== Segment start ==

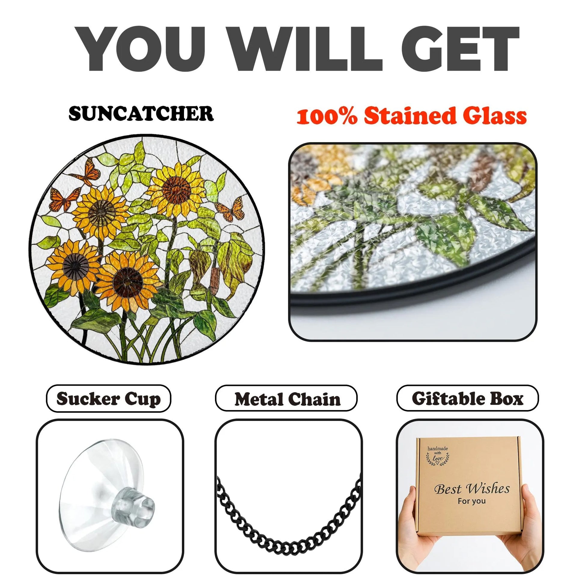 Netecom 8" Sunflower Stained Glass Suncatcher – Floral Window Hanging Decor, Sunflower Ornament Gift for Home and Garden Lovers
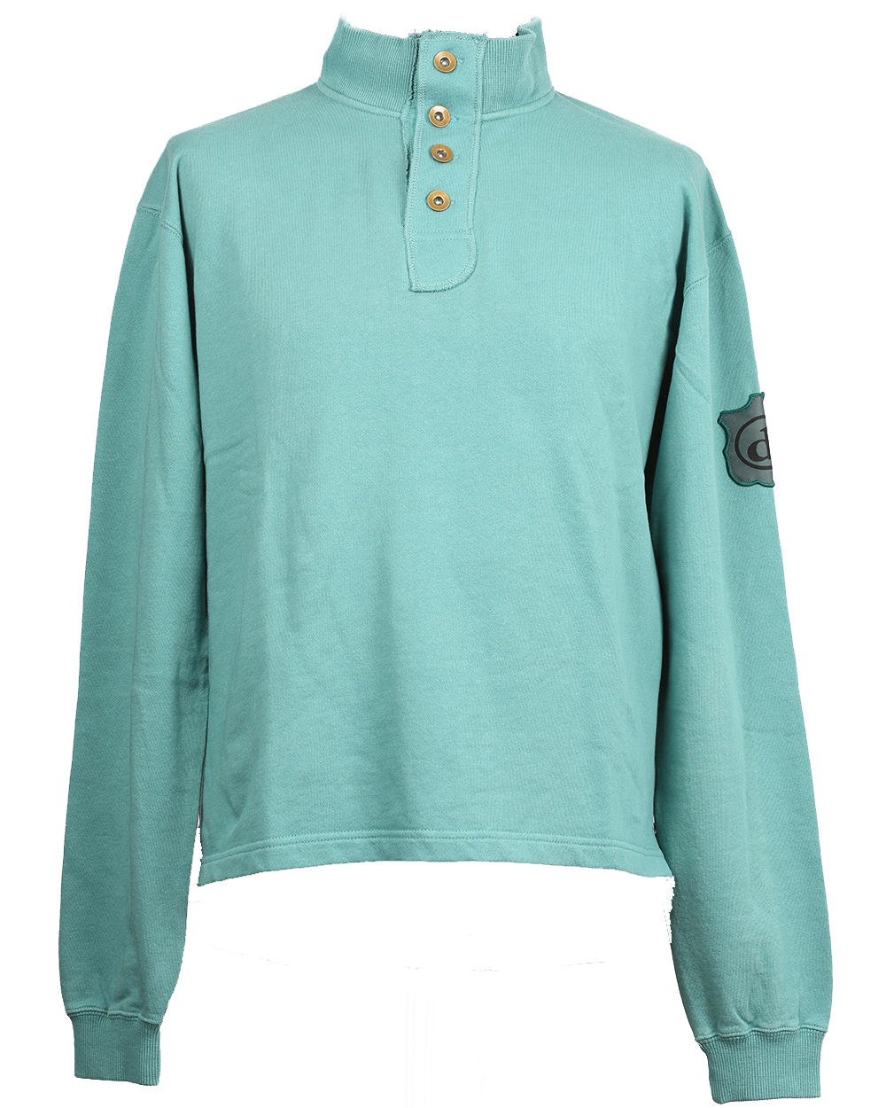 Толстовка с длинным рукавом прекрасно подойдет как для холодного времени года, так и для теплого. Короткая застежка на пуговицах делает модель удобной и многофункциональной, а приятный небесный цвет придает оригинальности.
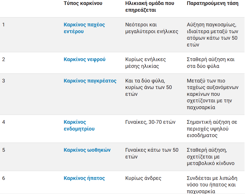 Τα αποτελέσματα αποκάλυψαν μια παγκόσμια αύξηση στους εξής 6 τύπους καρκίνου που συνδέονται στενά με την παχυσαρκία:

== Segment end ==

▸ TASK GOAL
Find the line that contains "Толстовка с длинным". Copy it and every line after it through the end of the listing exactly, but not the pictures.

▸ EXERCISE ANSWER
 Толстовка с длинным рукавом прекрасно подойдет как для холодного времени года, так и для теплого. Короткая застежка на пуговицах делает модель удобной и многофункциональной, а приятный небесный цвет придает оригинальности.
 Τα αποτελέσματα αποκάλυψαν μια παγκόσμια αύξηση στους εξής 6 τύπους καρκίνου που συνδέονται στενά με την παχυσαρκία:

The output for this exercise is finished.